Vocabulary issues represented another major hurdle, and although not the ‘fault’ of SMW, they did hinder the project. For instance, there are a variety of sources that map targets to indications (OMIM, internal project data, competitor intelligence), yet each uses a different disease dictionary. Thus, users wish to click on ‘asthma’ to see all associated proteins and targets, but this is quite difficult to achieve without much laborious mapping of disease identifiers and terms. Conversely, there are no publically available standards around multi-protein drug targets (e.g. ‘protein kinase C’, ‘GABA receptor’, ‘gastric proton pump’). This means that public data regarding these entities are poorly organised and difficult to identify and integrate. As a consequence, we are able to present only a small amount of information for these entities, mostly driven from internal systems (we do, of course, provide links to the pages for the individual protein components). We believe target information provision would be much enhanced if there were open standards and identifiers available for these entities. Indeed, addressing vocabulary and identity challenges may be key to progressing information integration and appear to be good candidates for pre-competitive collaboration [30].

For the future, we would like to create research unit-specific sections within the pages, sourced from (e.g.) disease-specific databases and configured to appear to relevant users only. We are also investigating the integration of ‘live’ data by consuming web services directly into the wiki using available extensions [31]. We conclude that SMW provides a powerful platform from which to deliver this and other enhancements for our users.

17.2 The Disease Knowledge Workbench (DKWB)

The Pfizer Indications Discovery Research Unit (IDU) was established to identify and explore alternative indications for compounds that have reached late stage clinical development. The IDU is a highly collaborative group; project leads, academic collaborators and computational scientists work together to develop holistic views of the cellular processes and molecular pathways within a disease of interest. Such deep understanding allows the unit to address key areas such as patient stratification, confidence in target rationale and identification of the best therapeutic mechanism and outcome biomarkers. Thus, fulfilling the IDUs’ mission requires the effective management and exploitation of relevant information across a very diverse range of diseases.
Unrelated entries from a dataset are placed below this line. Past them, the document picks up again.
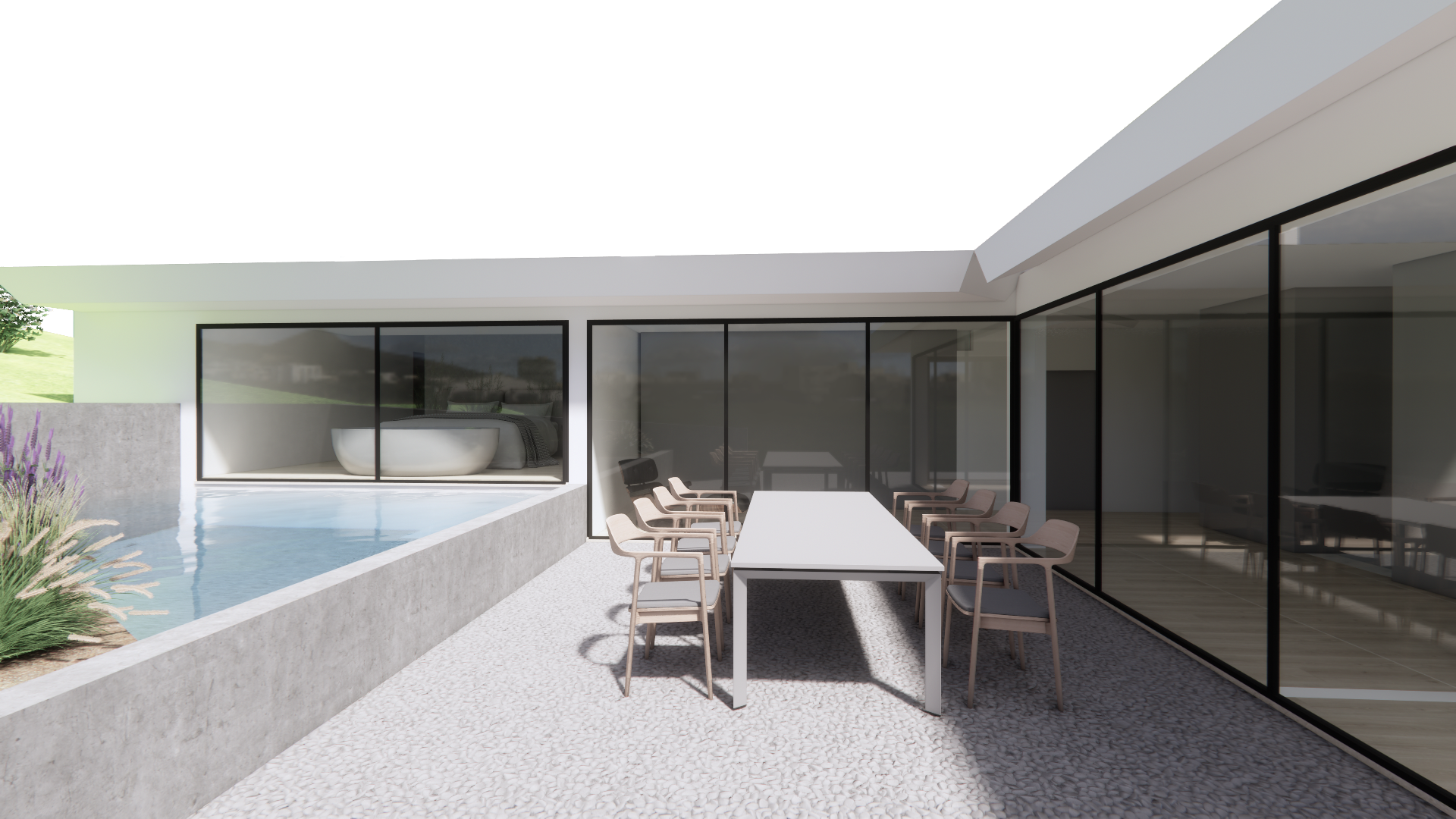 create a clean white view light materials modern white minimalistic a little bit of light wood the floor inside is light oak change nothing else no geometry or architecture changing dont change anything inside of the building but the materials architecture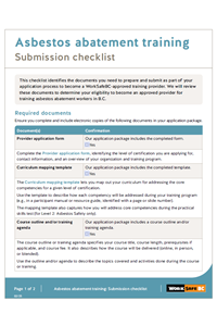To become a training provider to offer asbestos abatement training in B.C., you must be approved by WorkSafeBC. This checklist identifies the documents you need to submit as part of the application process to become an approved trainer.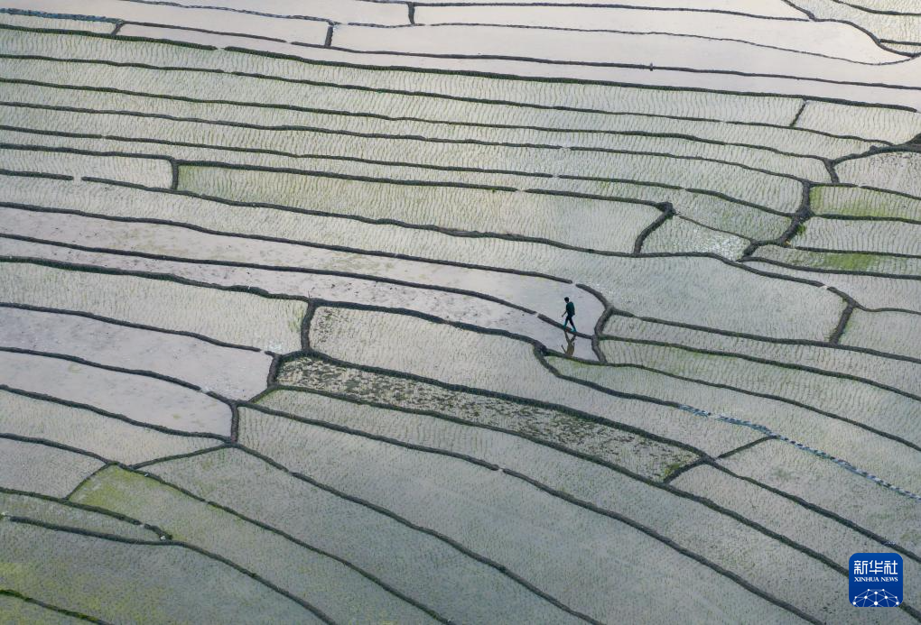 4月18日,村民在梯田上巡田(无人机照片)。

The information assessed by the IDU comes from a range of internal and external sources, covering both raw experimental output and higher-level information such as the biomedical literature. Interestingly, the major informatics gap was not the management and mining of these data per se, as these functions were already well provided for with internal and public databases and tools. Rather, the group needed a mechanism to bring together and disseminate the knowledge that they had assessed and synthesised, essentially detailing their hypotheses and the data that led them there. As one would expect, the scientists used lab note books to record experiments, data mining tools to analyse data and read many scientific papers. However, like many organisations, the only place in which each ‘story’ was brought together was in a slide deck, driven by the need to present coherent arguments to the group members and management. Of course, this is not optimal with these files (including revisions and variants) quickly becoming scattered through hard drives and document management systems. Furthermore, they often lack clear links to data supporting conclusions and have no capability to link shared biology across different projects. This latter point can be especially critical in a group running a number of concurrent investigations; staying abreast of the major elements of each project and their interdependencies can be difficult. Therefore, the IDU and the computational sciences group began an experiment to develop tools to move disease knowledge management away from slides and into a more fit for purpose environment.

17.2.1 Design choices

Any piece of software that allows users to enter content could fall into the category of ‘knowledge management’. However, there are a number of tools that allow users to represent coherent stories in an electronic representation. These range from notebook-style applications [32] to general mind-mapping software (e.g. [33]) and more specialised variants such as the Compendium platform for idea management [34]. A particularly relevant example is the I2 Analysts Notebook [35], an application used throughout law enforcement, intelligence and insurance agencies to represent complex stories in semi-graphical form. Although we had previously explored this for knowledge representation [2] and were impressed with its usability and relationship management, its lack of ‘tuning’ to the biomedical domain was a major limiting factor.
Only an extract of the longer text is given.